Q6) Define a bag of words?
A6) When using machine learning methods to model text, the bag-of-words model is a way of encoding text data.
The bag-of-words approach is easy to learn and use, and it's proven to be effective in tasks like language modelling and document classification.
The bag-of-words model for feature extraction in natural language processing.
A bag-of-words model, or BoW for short, is a method of extracting text attributes for use in modelling, such as machine learning techniques.
The method is straightforward and adaptable, and it may be used to extract information from documents in a variety of ways.
A bag-of-words is a text representation that describes the frequency with which words appear in a document. It entails two steps:
A list of terms that are well-known.
A metric for determining the existence of well-known terms.

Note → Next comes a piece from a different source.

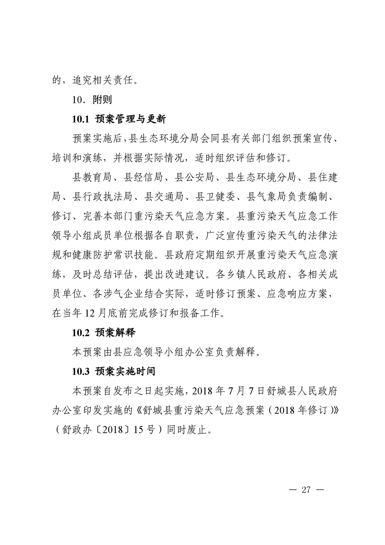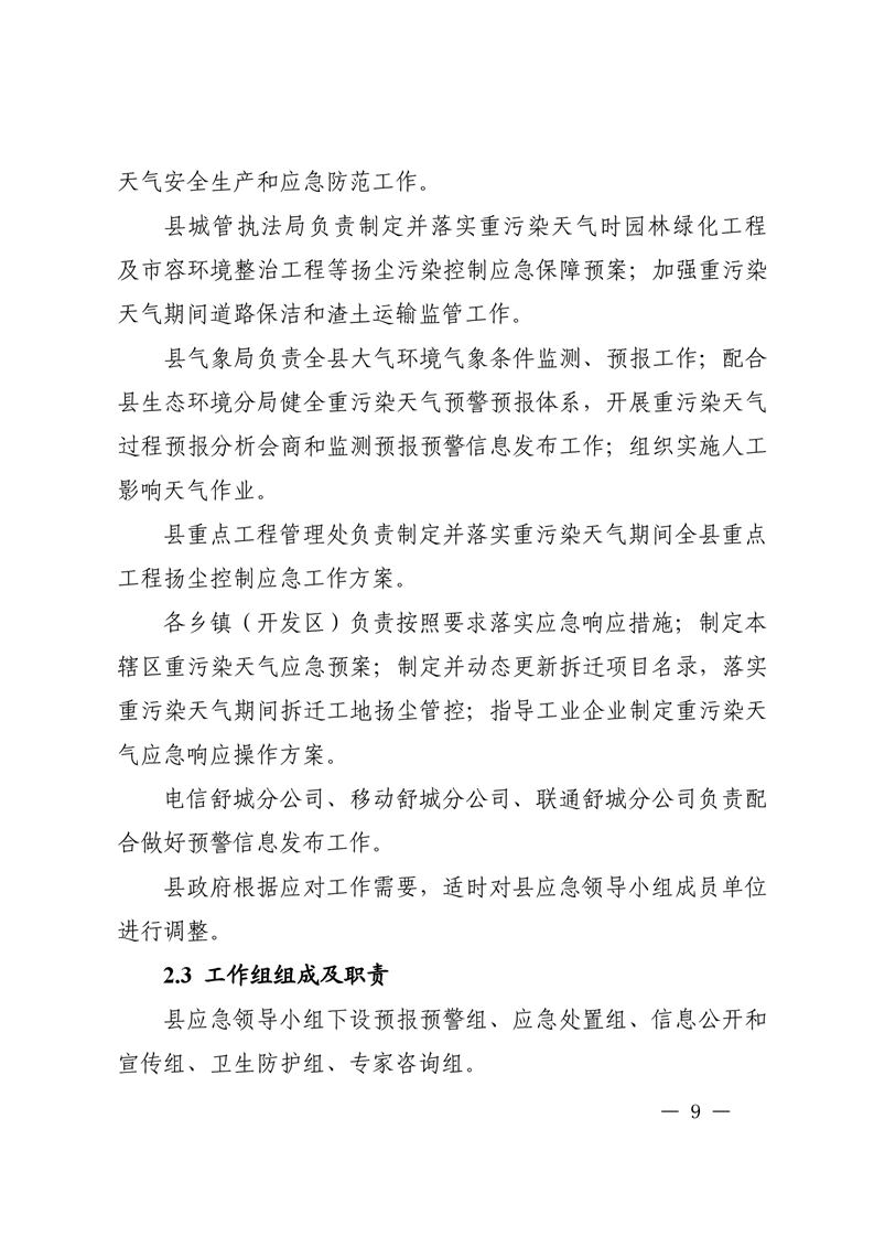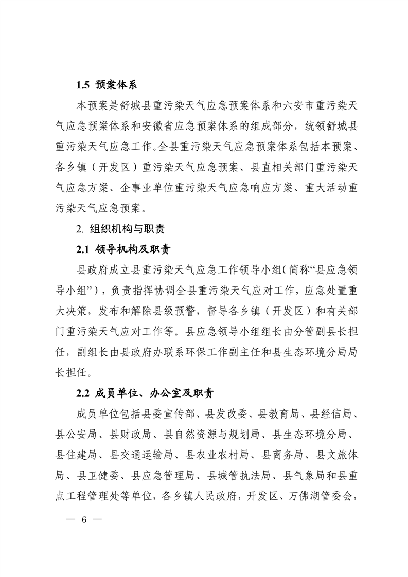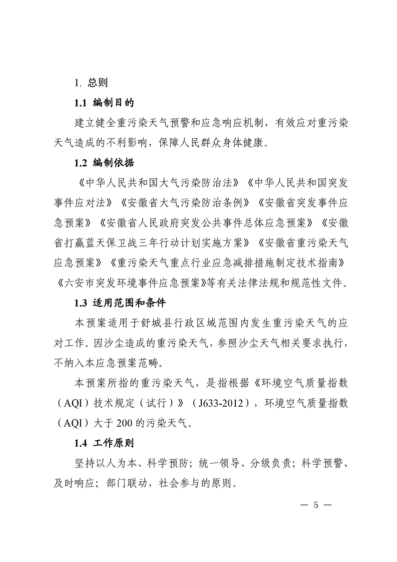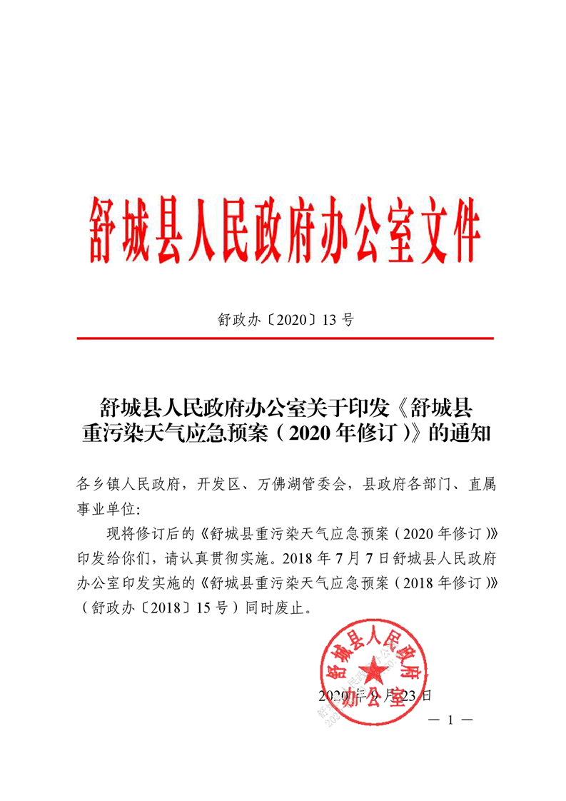 舒城县人民政府办公室关于印发《舒城县重污染天气应急预案(2020年修订)》的通知[1]

Because any information about the sequence or structure of words in the document is deleted, it is referred to as a "bag" of words. The model simply cares about whether or not recognised terms appear in the document, not where they appear.
The assumption is that documents with comparable content are similar. Furthermore, we can deduce something about the document's significance solely from its content.
You can make the bag-of-words as simple or as complex as you want. The difficulty arises from deciding how to create a vocabulary of known words (or tokens) as well as how to rate the existence of known terms.
Limitations
The bag-of-words paradigm is simple to learn and use, and it provides a lot of customization options for your individual text data.
It's been used to solve challenges like language modelling and documentation classification with tremendous success.
Nonetheless, it has some flaws, including the following:
● The vocabulary must be carefully designed, especially in order to regulate the size, which has an impact on the document representations' sparsity.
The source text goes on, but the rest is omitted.